Mark Skousen, a Mormon, is the nephew of W. Cleon Skousen, author of the legendarily bizarre Birchite tract The Naked Communist, which claimed to have exposed the secret forty-five-point plan by which the Soviet Union hoped to take over the United States government. (Among the sinister aims laid out in the document: gain control of all student newspapers; “eliminate all good sculpture from parks and buildings, substitute shapeless, awkward and meaningless forms.”)I found this passage hilarious, obviously, and also redolent of one of the more puzzling motifs that Ayn Rand wrote into Atlas Shrugged: the character of the modern, effete composer who no longer thinks that melody is necessary to put in his music. This, to Rand, is an offensive approach to aesthetics. She wants her art to look like things and her music to sound like things, dammit. Somehow this preference is presented as an extension of her principle that A=A, even though you couldn't find two more different approaches to cognition than grasping the fact of a tautology and assessing the merits of a piece of organized noise. So dumb.
What's up with these far-right loonies wanting their to avoid "meaningless forms" in their art so much? I think it's a pretty straightforward answer. We've all heard of the Disgust Principle (I think it's called that) which posits that conservatism and liberalism are somewhat hard-wired based on the ease with which someone is disgusted by unpleasantness. Someone did a study that found conservatives more squeamish around images of maggots and other pestilential stuff than liberals were.
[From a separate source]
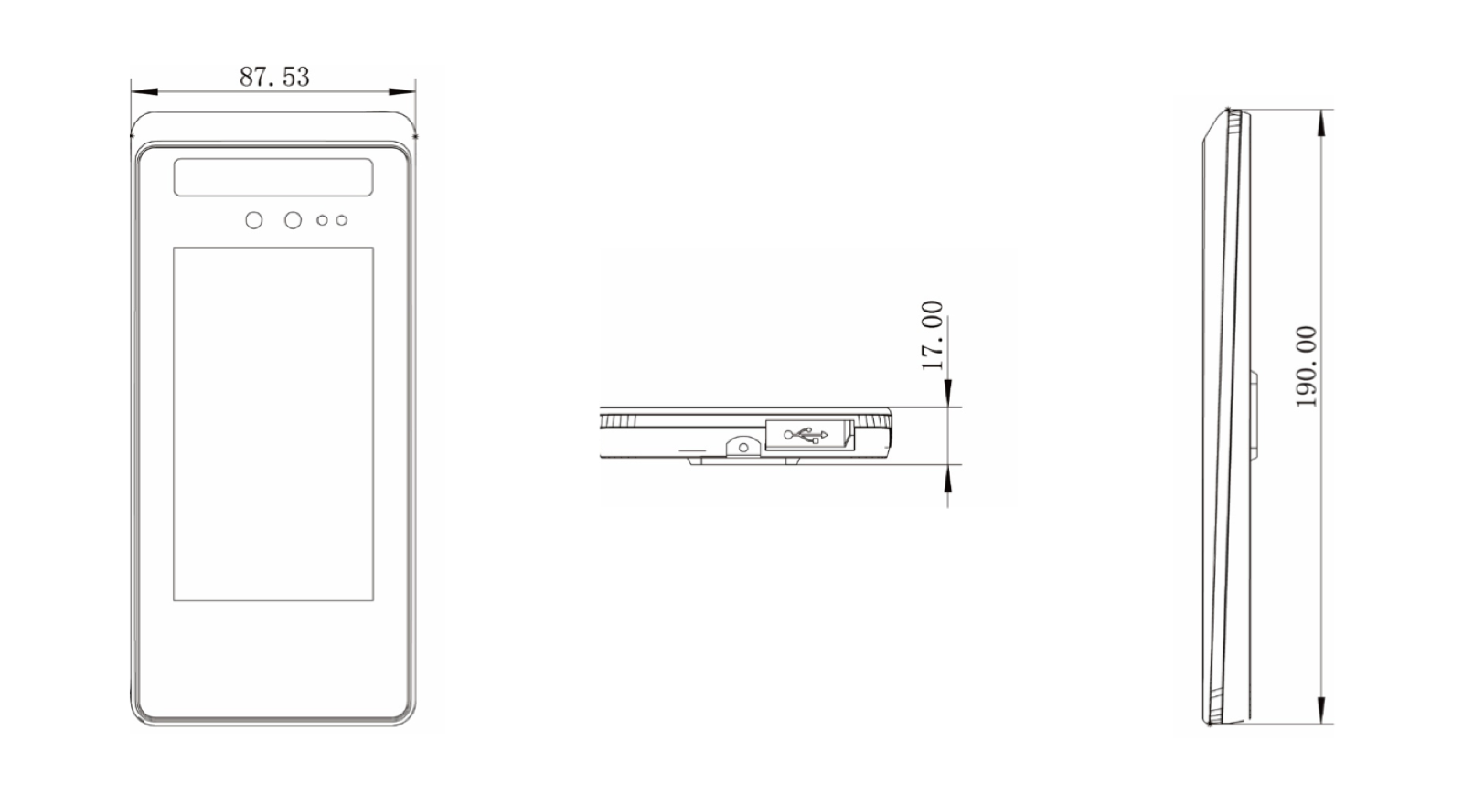 - Device dimension:190.00 mm * 87.53 mm * 17.00 mm

Could this also extend to art?
My dad is the walking embodiment of the claim that conservatism corresponds to and actually answers an innate dislike of unfamiliarity. And from him, I know that his dislike of the sight of two guys kissing extends just as readily to a dislike of abstract art, and music you have to work to listen to, and other non-traditional forms of expression. In him, they are part of one insistence on cohesion. Interesting that in these two other examples, we see the same impulse.
I bet this runs pretty uniformly through most conservatives, and may even offer an answer to the one question hanging over all of it: what, exactly separates libtard from contard? Answer: the lib can handle abstract art.